In [0]:
import nltk
import re
import numpy as np
import pandas as pd
#Tokenization of text
from nltk.tokenize import word_tokenize,sent_tokenize
#remove stop-words
from nltk.corpus import stopwords # library 
nltk.download('stopwords')
all_stopwords = set(stopwords.words('english')) # set the language 
from typing import List

In [0]:
# reading review data with panda frames 
reviews_data=pd.read_csv('IMDB Dataset.csv')
reviews_data.describe()

In [0]:
#sentiment counts
reviews_data['sentiment'].value_counts()

In [0]:
# The sentiments are either 'positive' or 'negative' and are evenly distributed. Lets preprocess the text using the simple tokenizer we built in last class. We call it preprocess_text now.
def preprocess_text(text: str) -> List[str]:
    # Looking at the text we see that <br></br> which is HTML tag for line break can be a good splitter
    # A sentence (atleast well structured) often has a full spot at the end. We use these two for word breaks
    pattern1 = re.compile("<br /><br />|\.")
    lines = re.split(pattern1, text)
    # you can break a sentence into words using whitespace based split
    tokens = []
    for line in lines:
        tokens += line.split(" ")

    # lowercase and remove any non-alphanumeric characters from tokens for normalize
    normalized_tokens = [re.sub(r"\W+", "", token.lower()) for token in tokens]
    return  " ".join([
            token
            for token in normalized_tokens
            if token and token not in all_stopwords and len(tokens) > 1 
        ])
    

  
custom_review = "I hated the film. It was a disaster. Poor direction, bad acting."
custom_review_tokens = preprocess_text(custom_review)
print(custom_review_tokens)

In [0]:
#apply preprocessing to review data
reviews_data['review'] = reviews_data['review'].apply(preprocess_text)

In [0]:
#split the dataset  
#train dataset
train_reviews=reviews_data.review[:40000]
train_sentiments=reviews_data.sentiment[:40000]
#test dataset
test_reviews=reviews_data.review[40000:45000]
test_sentiments=reviews_data.sentiment[40000:45000]
#validation (blind) dataset
blind_reviews=reviews_data.review[45000:]
blind_sentiments=reviews_data.sentiment[45000:]
print(train_reviews.shape,train_sentiments.shape)
print(test_reviews.shape,test_sentiments.shape)
print(blind_reviews.shape,blind_sentiments.shape)

In [0]:
# CountVectorizer implements both tokenization and occurrence counting in a single class. Read more here https://scikit-learn.org/stable/modules/generated/sklearn.feature_extraction.text.CountVectorizer.html
# You can also reuse the from scratch code we learnt in previous class
# TfidfVectorizer Convert a collection of raw documents to a matrix of TF-IDF features. Equivalent to CountVectorizer followed by TfidfTransformer.
# from sklearn.feature_extraction.text import CountVectorizer
from sklearn.feature_extraction.text import TfidfVectorizer
#Count vectorizer with 
lower_count_thr = 100 # rare words/tokens
upper_count_thr = 5000 # frequent/common tokens

tv=TfidfVectorizer(min_df=lower_count_thr,max_df=upper_count_thr,binary=False,ngram_range=(1,1))
#transformed train reviews
tv_train_reviews=tv.fit_transform(train_reviews)
#transformed test reviews
tv_test_reviews=tv.transform(test_reviews)
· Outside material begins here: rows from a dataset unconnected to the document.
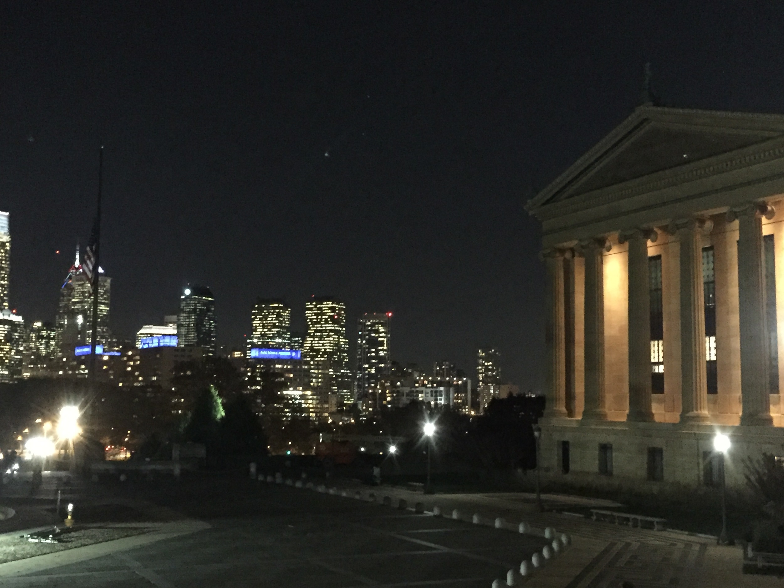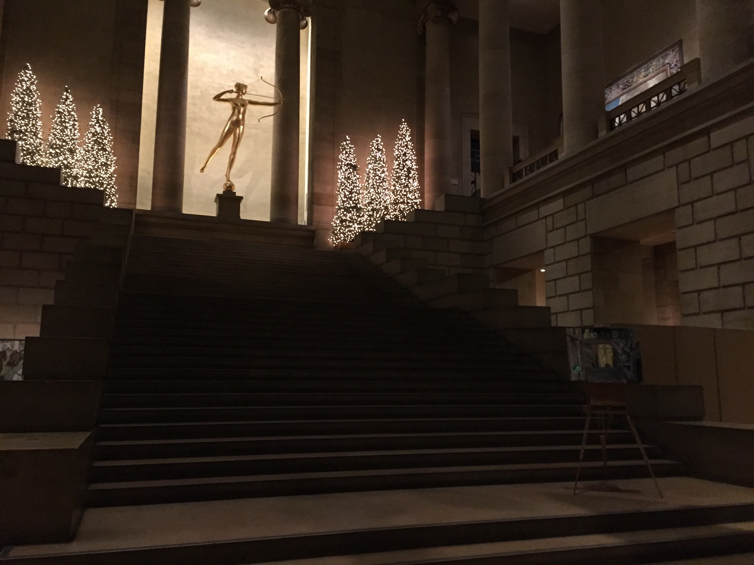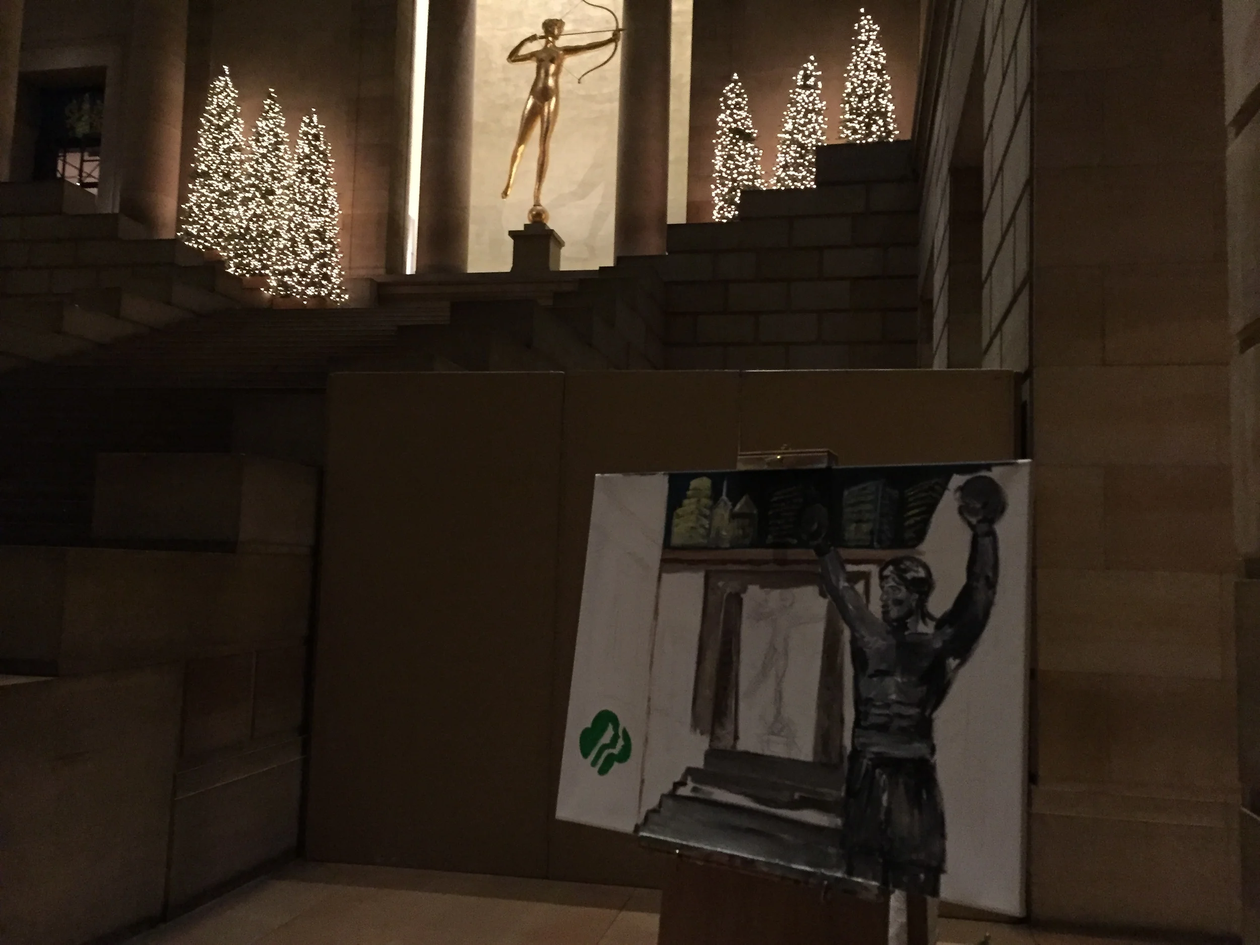 The last week has been a real whirlwind. This past Monday night I was fortunate enough to be able to paint at the Philadelphia Museum of Art after hours for a private dinner party. The dinner was held for the Girl Scouts of America, and I was asked to incorporate their logo, along with the city skyline and Rocky, into the painting. The Girl Scouts leaders, along with the Philadelphia CVB and the employees of the Art Museum, were such a lovely group of people! It was surreal to paint in one of my favorite places, especially during the holidays!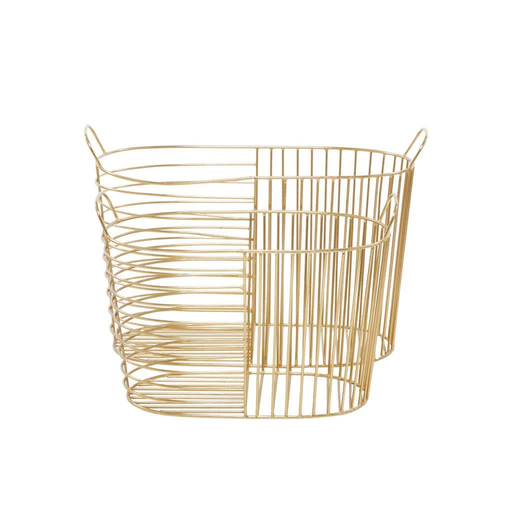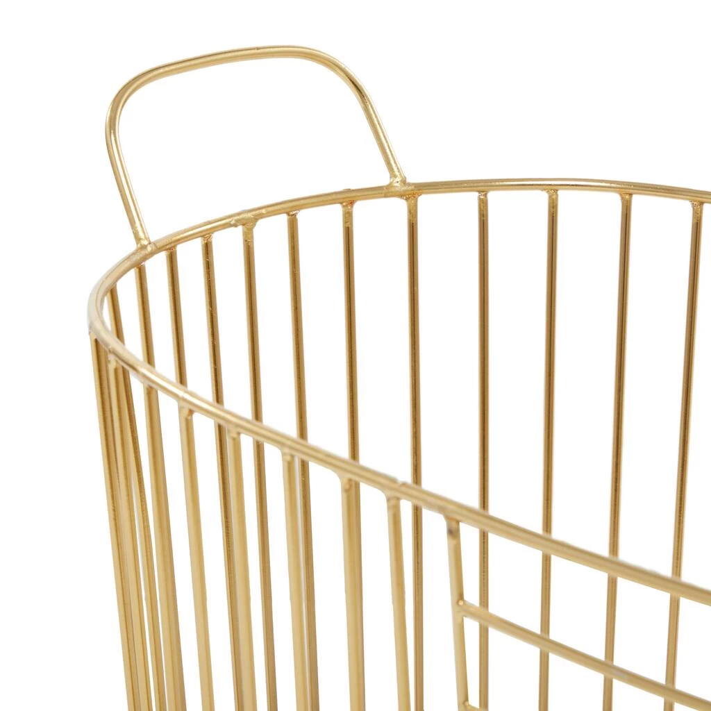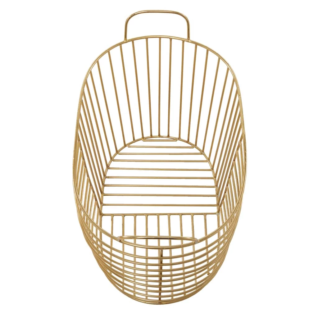 A contemporary style offers neutral elements and basic forms with a bold design. A set of oblong storage baskets crafted of sturdy and polished metal material. This set of 2 storage baskets comes in a polished gold finish that gives glamour and character to your home. These gold storage baskets feature oblong grid-style bodies with deep setting and arched handles. Offer any contemporary themed home a final touch by displaying this storage basket set that can hold throws, pillows, or magazine.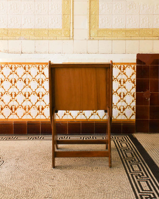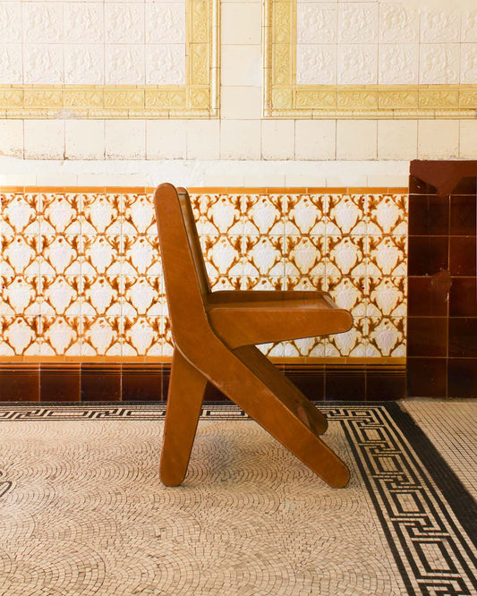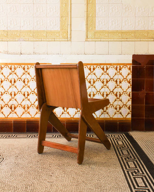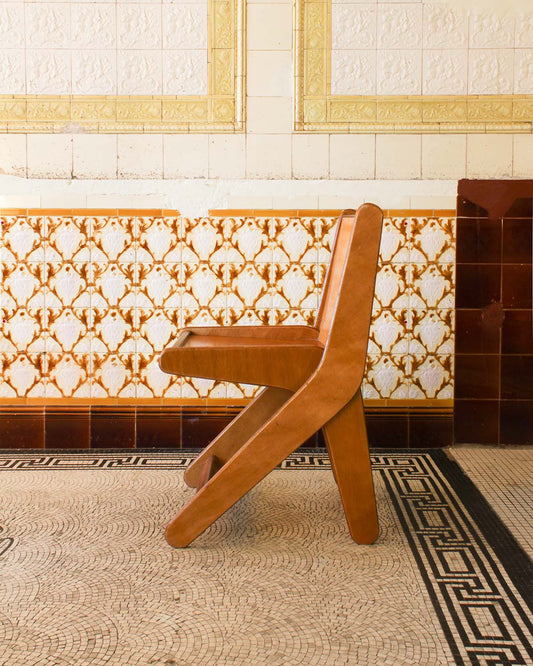 A Danish vintage wooden chair defined by clean lines and solid craftsmanship. Made from solid wood, it features a gently reclined backrest and angled legs that create a strong, architectural silhouette.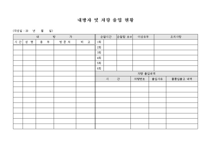 9,000원/월회사에 내방한 인원 및 차량 출입의 현황을 기록하는 내방자 및 차량 출입 현황 양식으로 내방자의 출입시간, 성명, 용무, 방문처, 차량의 출입시간, 차량번호, 출입사유 등의 내용을 기재할 수 있습니다.
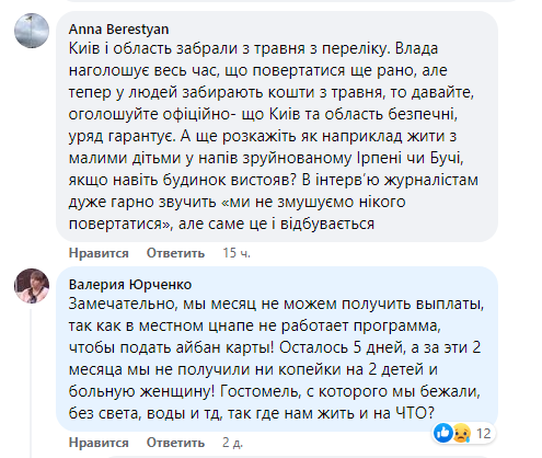 "Киев и область забрали с мая из перечня. Власть отмечает все время, что возвращаться еще рано, но теперь у людей забирают средства. Так, давайте, объявляйте официально, что Киев и область – безопасны, правительство гарантирует. А еще расскажите, как, например, жить с малыми детьми в полуразрушенном Ирпене или Буче, если даже дом выстоял? В интервью журналистам очень хорошо звучит "мы не заставляем никого возвращаться", но именно это и происходит", - пишет Анна Берестян.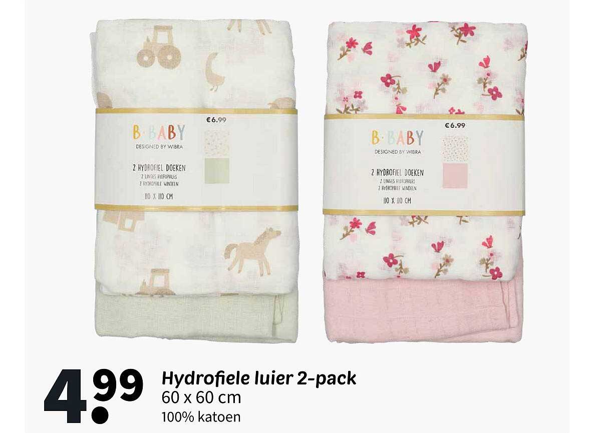Bekijk nu de Hydrofiele luier 2-pack aanbieding in de Wibra folder. Deze aanbieding is geldig van 06-06-2025 tot en met 19-06-2025.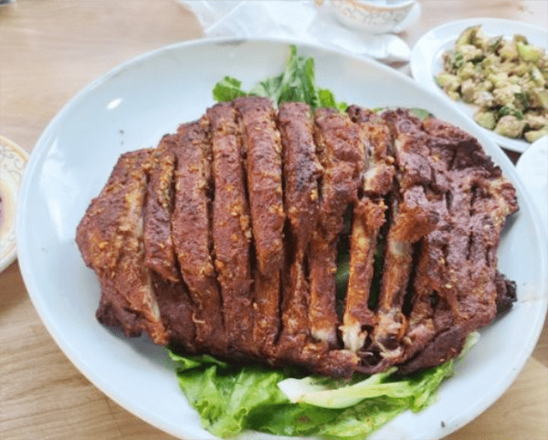 过瘾的烤羊肉,无疑便是烤羊排了,一整块羊排,肥瘦相间,鲜嫩多汁,一阵香味便扑鼻而来,肉汁肥而不腻,外焦里嫩,羊膻味也被覆盖得一丝不剩,这才是享受的味。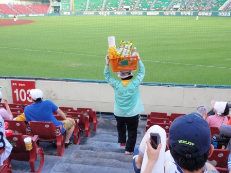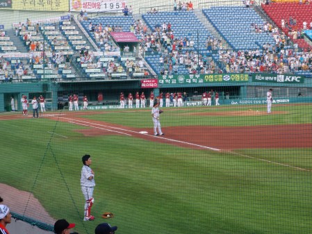 So, with the hiking out of the way I had the baseball to look forward to. Jamsil is only three stops from my apartment and I was able to leave in plenty of time. I picked up a ticket from a tout outside for ten thousand won which might have been just below face value. At those prices, it’s not so important. It was for the red zone though, which is the lower section, beyond first base, prime territory I reckoned for being knocked out cold with a stray baseball.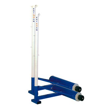 Juego de postes para badminton de competición, con plataforma inferior contrapesada equipada de ruedas para permitir su traslado con facilidad. Con polea superior que permite conseguir una perfecta tensión de la red. Diámetro del poste 50 mm. Altura 1,55 mts. Plataforma 810x850 mm. Ruedas 80 x 40 mm.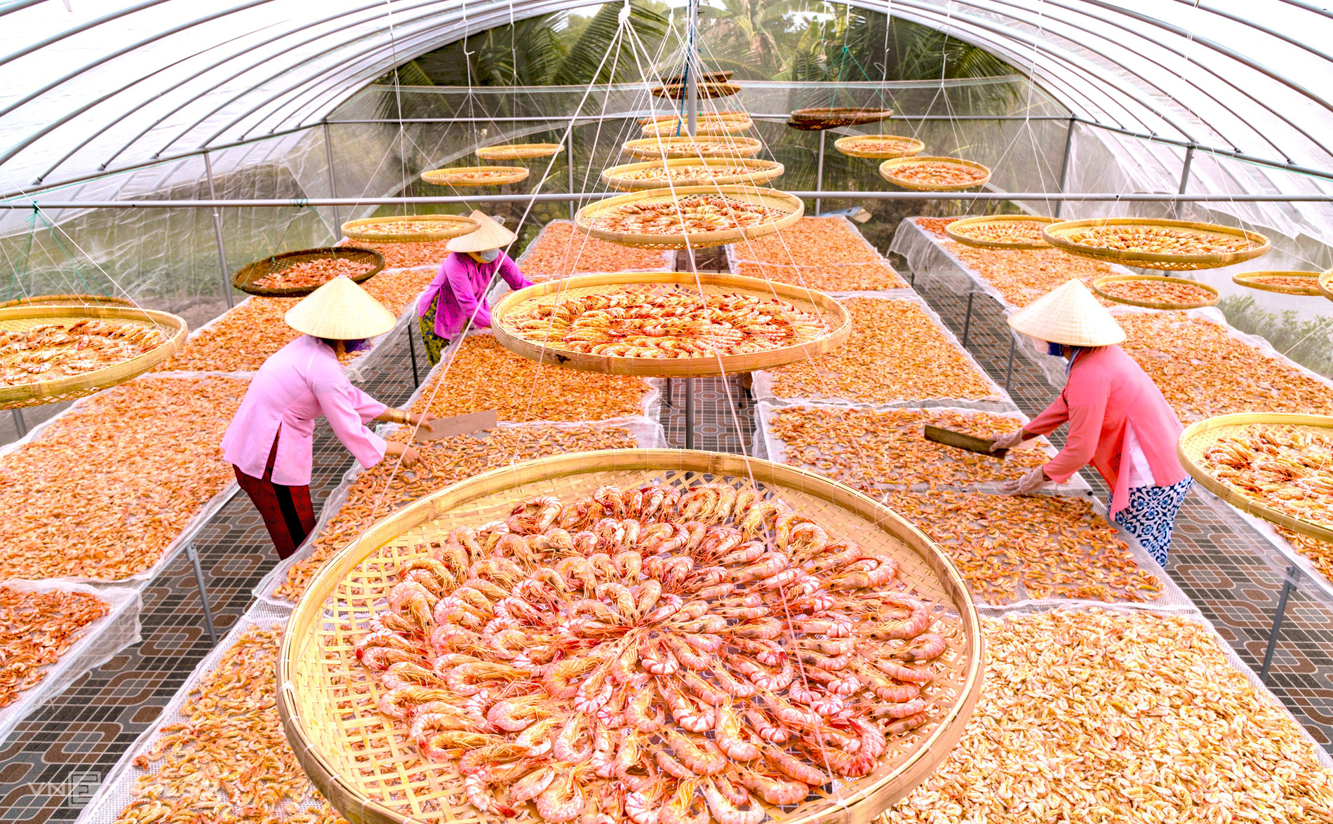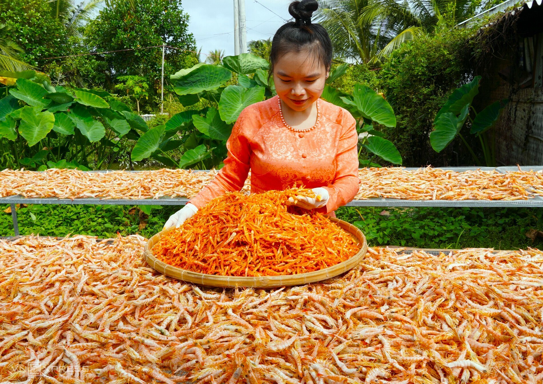 The shrimp are boiled, dried, flattened, peeled, and sun-dried. Earth dried shrimp comes in two types, peeled and unpeeled, currently selling for about 1,5–2,2 million VND per kilogram, approximately 200,000 VND higher than last year.

#transformed validation reviews
tv_blind_reviews=tv.transform(blind_reviews)

print('BOW_cv_train:',tv_train_reviews.shape)
print('BOW_cv_test:',tv_test_reviews.shape)
print('BOW_cv_blind:',tv_blind_reviews.shape)

In [0]:
#Now generate binary (true, false) labels from sentiment values. positive maps to 1, negative maps to 0
from sklearn.preprocessing import LabelBinarizer
lb=LabelBinarizer()
#transformed sentiment data
sentiment_data=lb.fit_transform(reviews_data['sentiment'])
print(sentiment_data.shape)

In [0]:
#Spliting the sentiment data
train_sentiments=sentiment_data[:40000]
test_sentiments=sentiment_data[40000:45000]
blind_sentiments=sentiment_data[45000:]
print(train_sentiments.shape)
print(test_sentiments.shape)
print(blind_sentiments.shape)

In [0]:
SVM = svm.SVC(C=1.0, kernel='linear', degree=3, gamma='auto')
SVM.fit(tv_train_reviews,train_sentiments)

In [0]:
# predict the labels on validation dataset
predictions_SVM = SVM.predict(tv_test_reviews)

In [0]:
# Use accuracy_score function to get the accuracy
print("SVM Accuracy Score -> ",accuracy_score(predictions_SVM, test_sentiments)*100)